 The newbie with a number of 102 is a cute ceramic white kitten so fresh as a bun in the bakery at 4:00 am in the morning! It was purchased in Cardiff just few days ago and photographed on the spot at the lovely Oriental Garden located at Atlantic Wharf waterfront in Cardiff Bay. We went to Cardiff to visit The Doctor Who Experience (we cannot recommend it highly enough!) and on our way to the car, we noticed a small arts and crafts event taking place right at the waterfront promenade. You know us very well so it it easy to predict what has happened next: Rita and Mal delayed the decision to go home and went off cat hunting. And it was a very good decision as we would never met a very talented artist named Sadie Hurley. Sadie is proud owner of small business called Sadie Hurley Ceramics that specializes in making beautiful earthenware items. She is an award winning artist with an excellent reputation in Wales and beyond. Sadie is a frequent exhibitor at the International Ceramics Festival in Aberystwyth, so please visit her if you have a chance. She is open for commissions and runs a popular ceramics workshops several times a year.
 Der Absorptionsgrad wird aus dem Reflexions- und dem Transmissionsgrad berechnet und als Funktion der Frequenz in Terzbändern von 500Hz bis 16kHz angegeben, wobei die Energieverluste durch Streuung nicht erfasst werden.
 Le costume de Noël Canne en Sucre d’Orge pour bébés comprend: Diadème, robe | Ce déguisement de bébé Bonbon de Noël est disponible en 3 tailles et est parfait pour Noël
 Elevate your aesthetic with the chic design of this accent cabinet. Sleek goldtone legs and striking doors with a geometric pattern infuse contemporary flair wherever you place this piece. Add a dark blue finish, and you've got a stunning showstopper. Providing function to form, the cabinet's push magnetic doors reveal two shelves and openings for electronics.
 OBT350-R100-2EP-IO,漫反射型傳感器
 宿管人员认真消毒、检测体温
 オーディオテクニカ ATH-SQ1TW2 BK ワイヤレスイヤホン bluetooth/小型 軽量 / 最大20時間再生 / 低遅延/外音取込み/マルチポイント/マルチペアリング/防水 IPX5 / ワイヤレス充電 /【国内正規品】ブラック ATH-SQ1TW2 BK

...

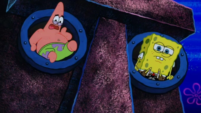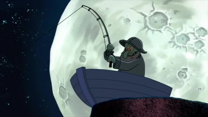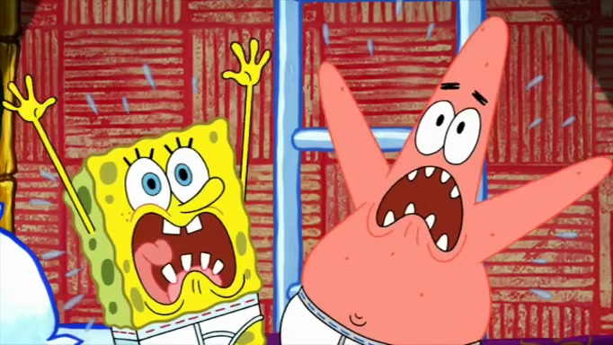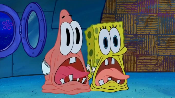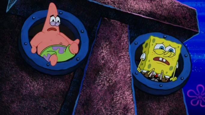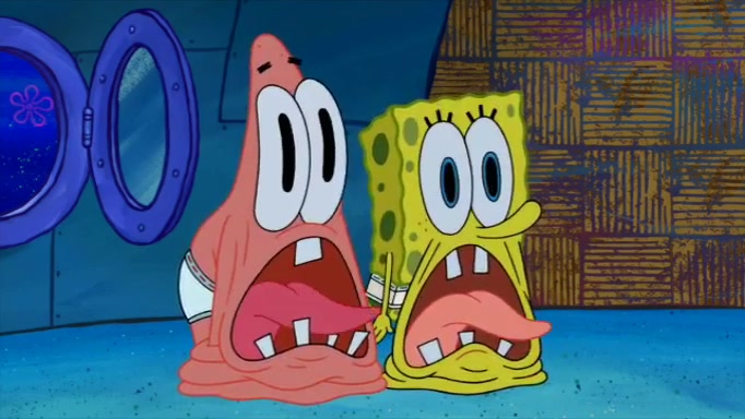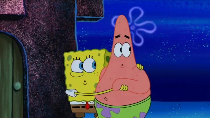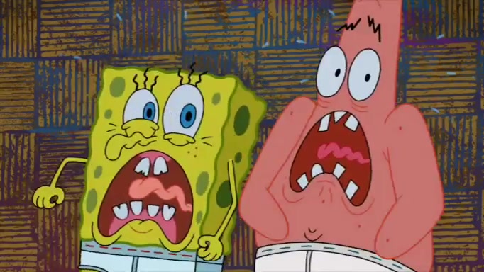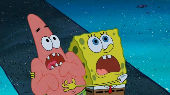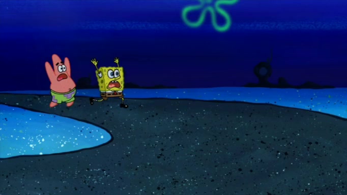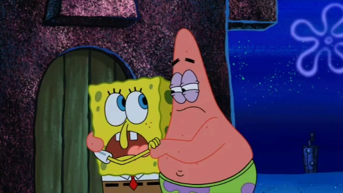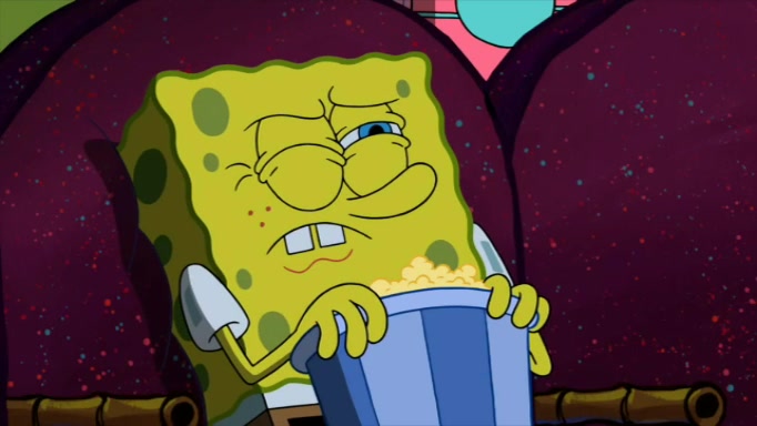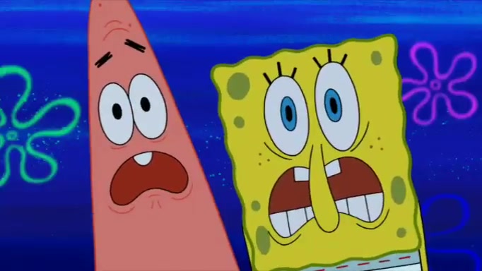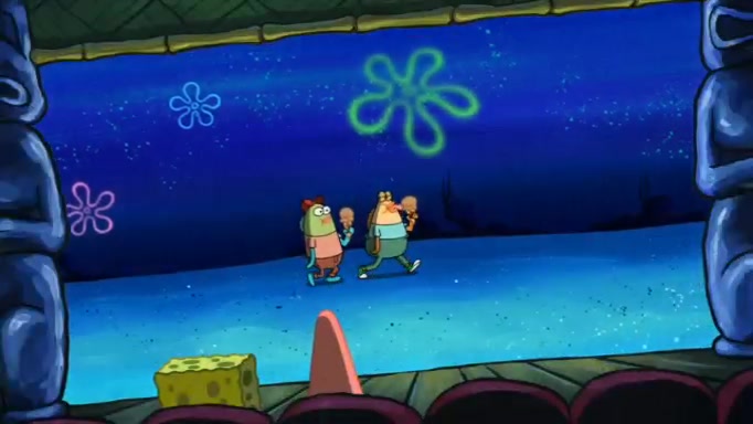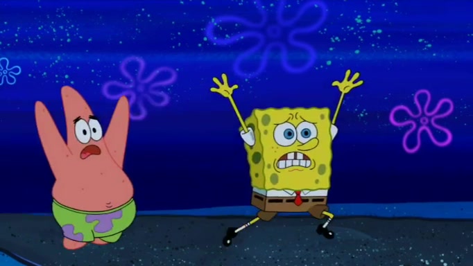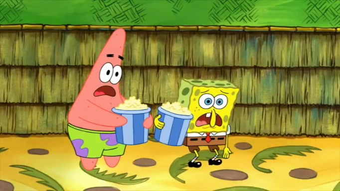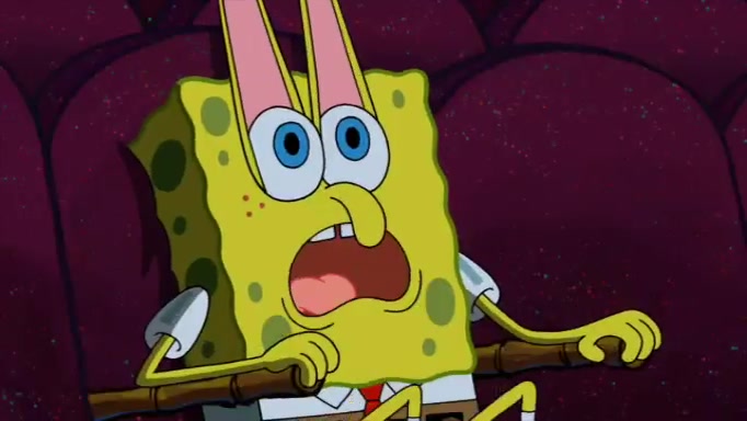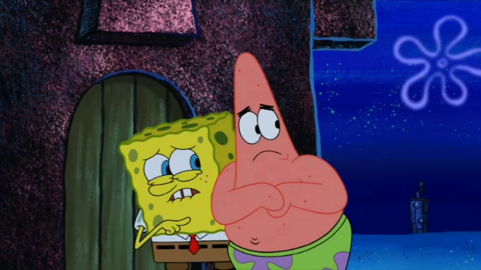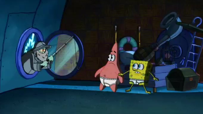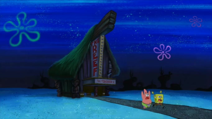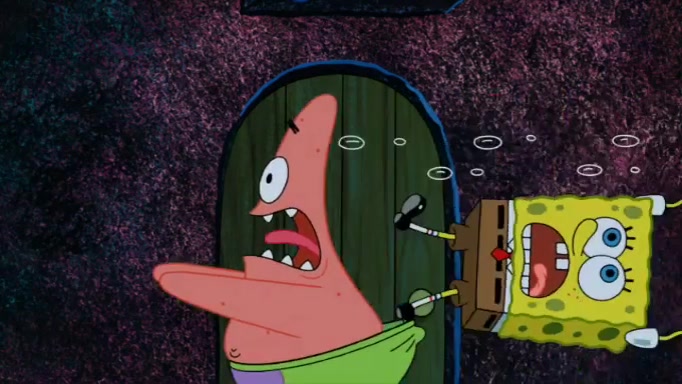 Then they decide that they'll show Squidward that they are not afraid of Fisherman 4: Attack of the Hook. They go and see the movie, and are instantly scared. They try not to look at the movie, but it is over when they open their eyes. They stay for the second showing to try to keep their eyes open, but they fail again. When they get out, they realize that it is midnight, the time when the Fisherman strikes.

Task brief:
Retype only this portion of the data above: the line containing "The newbie with", the line containing "Le costume de", and all lines between them, exactly.

Expected output:
 The newbie with a number of 102 is a cute ceramic white kitten so fresh as a bun in the bakery at 4:00 am in the morning! It was purchased in Cardiff just few days ago and photographed on the spot at the lovely Oriental Garden located at Atlantic Wharf waterfront in Cardiff Bay. We went to Cardiff to visit The Doctor Who Experience (we cannot recommend it highly enough!) and on our way to the car, we noticed a small arts and crafts event taking place right at the waterfront promenade. You know us very well so it it easy to predict what has happened next: Rita and Mal delayed the decision to go home and went off cat hunting. And it was a very good decision as we would never met a very talented artist named Sadie Hurley. Sadie is proud owner of small business called Sadie Hurley Ceramics that specializes in making beautiful earthenware items. She is an award winning artist with an excellent reputation in Wales and beyond. Sadie is a frequent exhibitor at the International Ceramics Festival in Aberystwyth, so please visit her if you have a chance. She is open for commissions and runs a popular ceramics workshops several times a year.
 Der Absorptionsgrad wird aus dem Reflexions- und dem Transmissionsgrad berechnet und als Funktion der Frequenz in Terzbändern von 500Hz bis 16kHz angegeben, wobei die Energieverluste durch Streuung nicht erfasst werden.
 Le costume de Noël Canne en Sucre d’Orge pour bébés comprend: Diadème, robe | Ce déguisement de bébé Bonbon de Noël est disponible en 3 tailles et est parfait pour Noël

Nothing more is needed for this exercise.